Dataset →
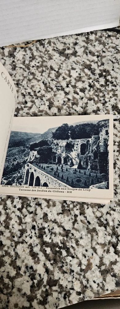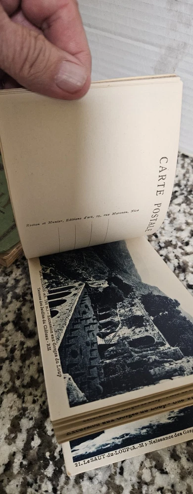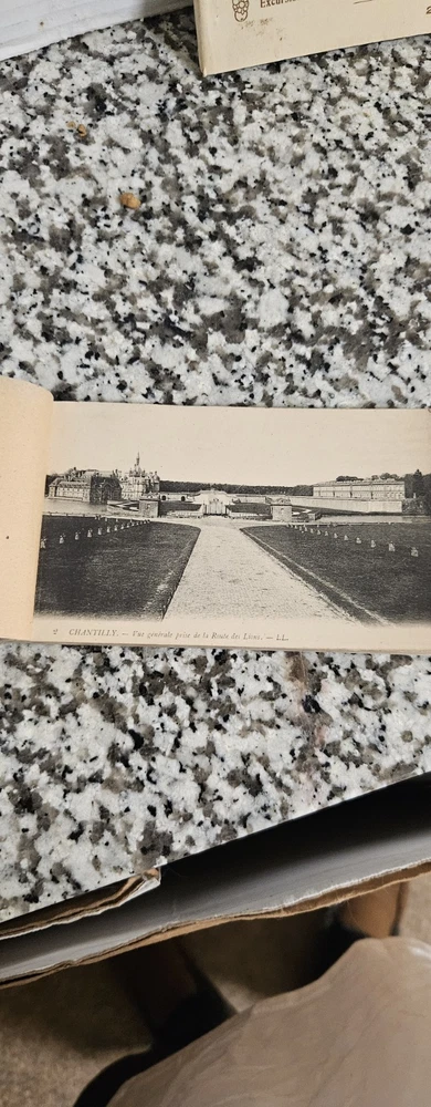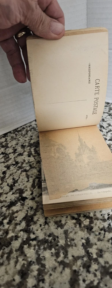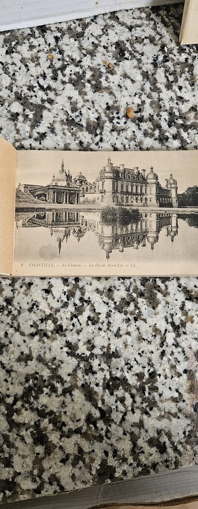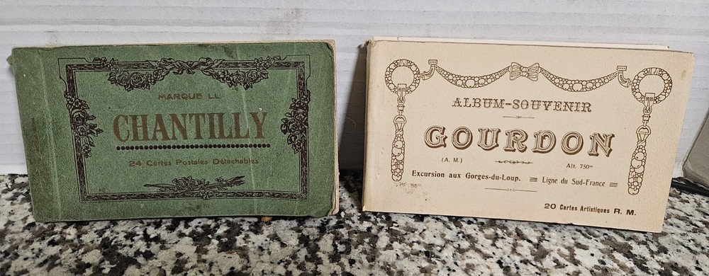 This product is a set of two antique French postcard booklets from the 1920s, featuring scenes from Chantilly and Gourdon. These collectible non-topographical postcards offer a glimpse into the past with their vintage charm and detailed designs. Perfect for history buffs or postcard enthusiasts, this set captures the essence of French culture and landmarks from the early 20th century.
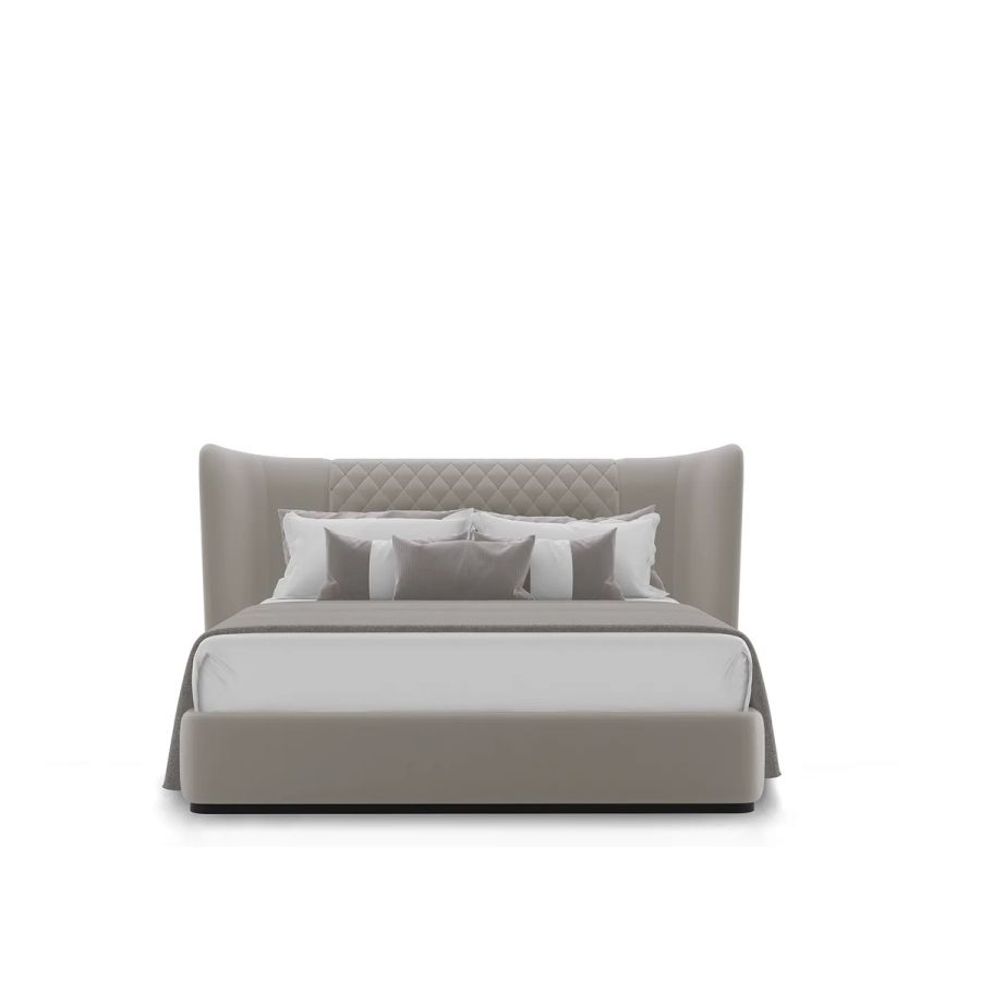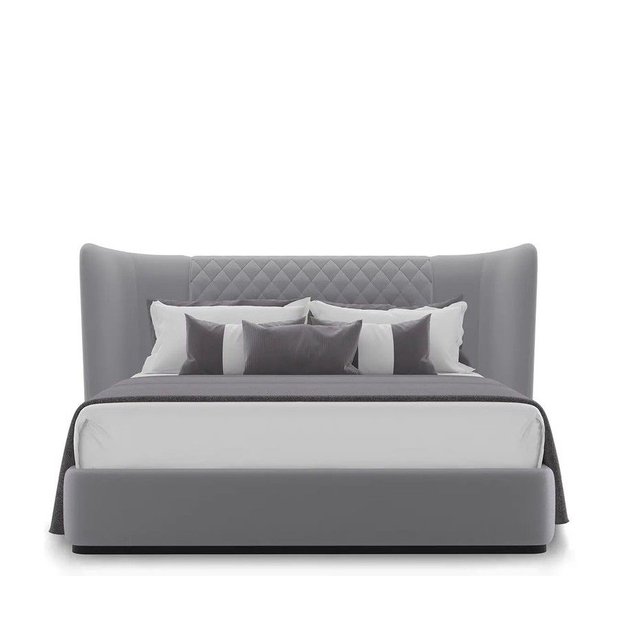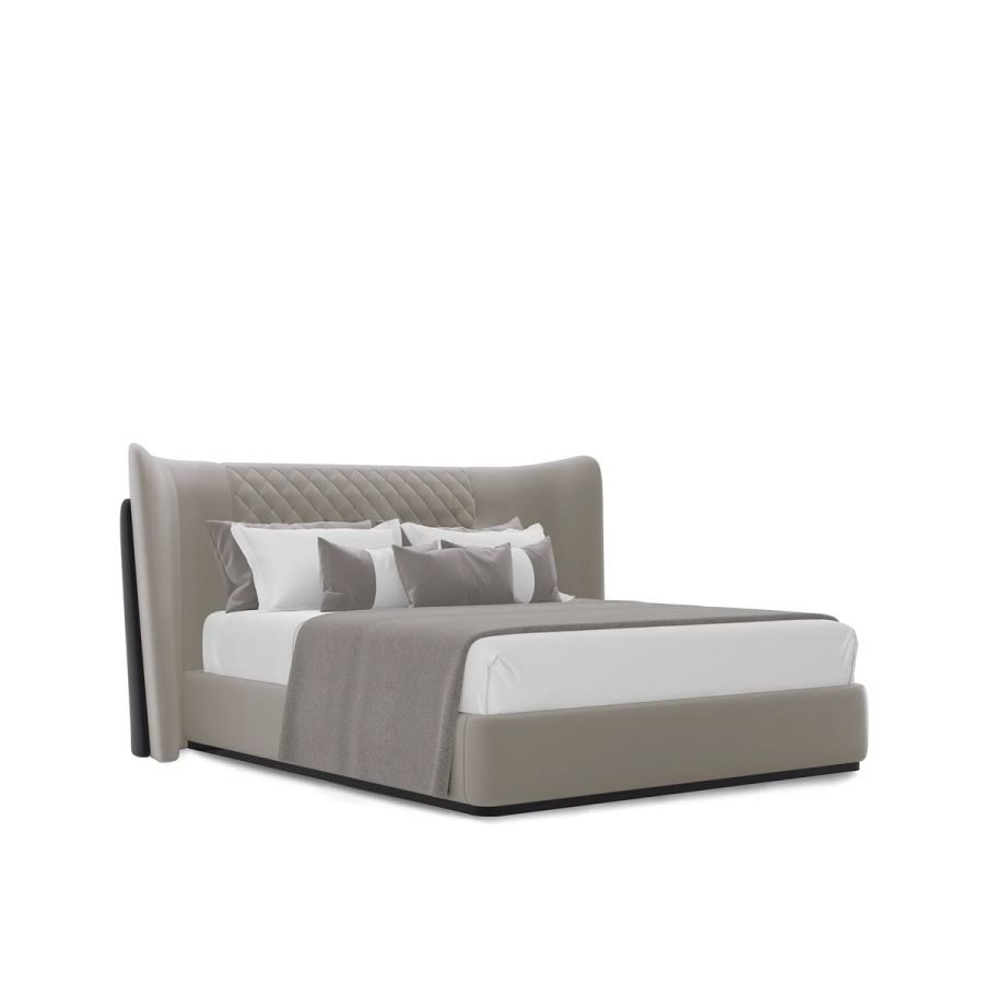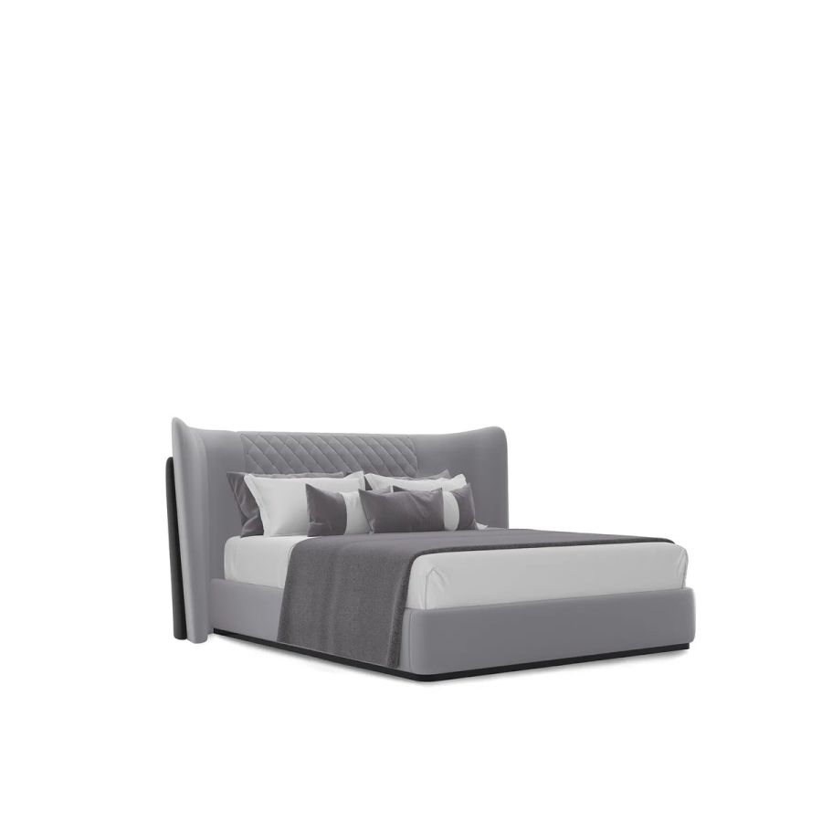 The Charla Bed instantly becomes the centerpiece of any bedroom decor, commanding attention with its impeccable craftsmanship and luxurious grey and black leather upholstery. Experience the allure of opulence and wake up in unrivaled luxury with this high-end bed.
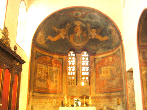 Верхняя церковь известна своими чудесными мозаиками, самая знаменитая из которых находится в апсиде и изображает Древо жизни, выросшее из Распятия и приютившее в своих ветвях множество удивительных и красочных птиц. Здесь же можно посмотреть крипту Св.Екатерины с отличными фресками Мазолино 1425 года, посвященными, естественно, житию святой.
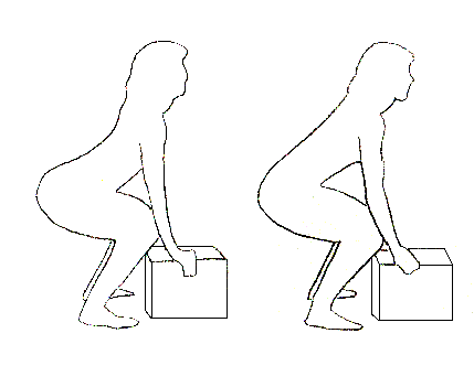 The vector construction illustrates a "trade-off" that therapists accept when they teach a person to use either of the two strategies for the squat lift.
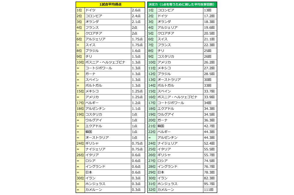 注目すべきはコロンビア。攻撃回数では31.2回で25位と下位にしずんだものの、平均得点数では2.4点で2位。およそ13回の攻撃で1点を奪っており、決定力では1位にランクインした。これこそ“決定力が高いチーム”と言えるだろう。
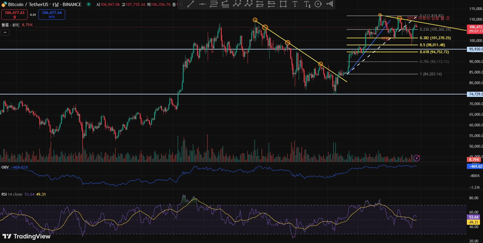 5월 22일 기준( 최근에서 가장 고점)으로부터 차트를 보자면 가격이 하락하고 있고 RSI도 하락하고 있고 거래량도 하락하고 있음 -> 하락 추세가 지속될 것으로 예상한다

What to produce → What are the lines from the one containing "The Charla Bed" through the end of the records? Write them out exactly, leaving out the pictures.

Written response →
 The Charla Bed instantly becomes the centerpiece of any bedroom decor, commanding attention with its impeccable craftsmanship and luxurious grey and black leather upholstery. Experience the allure of opulence and wake up in unrivaled luxury with this high-end bed.
 Верхняя церковь известна своими чудесными мозаиками, самая знаменитая из которых находится в апсиде и изображает Древо жизни, выросшее из Распятия и приютившее в своих ветвях множество удивительных и красочных птиц. Здесь же можно посмотреть крипту Св.Екатерины с отличными фресками Мазолино 1425 года, посвященными, естественно, житию святой.
 The vector construction illustrates a "trade-off" that therapists accept when they teach a person to use either of the two strategies for the squat lift.
 注目すべきはコロンビア。攻撃回数では31.2回で25位と下位にしずんだものの、平均得点数では2.4点で2位。およそ13回の攻撃で1点を奪っており、決定力では1位にランクインした。これこそ“決定力が高いチーム”と言えるだろう。
 5월 22일 기준( 최근에서 가장 고점)으로부터 차트를 보자면 가격이 하락하고 있고 RSI도 하락하고 있고 거래량도 하락하고 있음 -> 하락 추세가 지속될 것으로 예상한다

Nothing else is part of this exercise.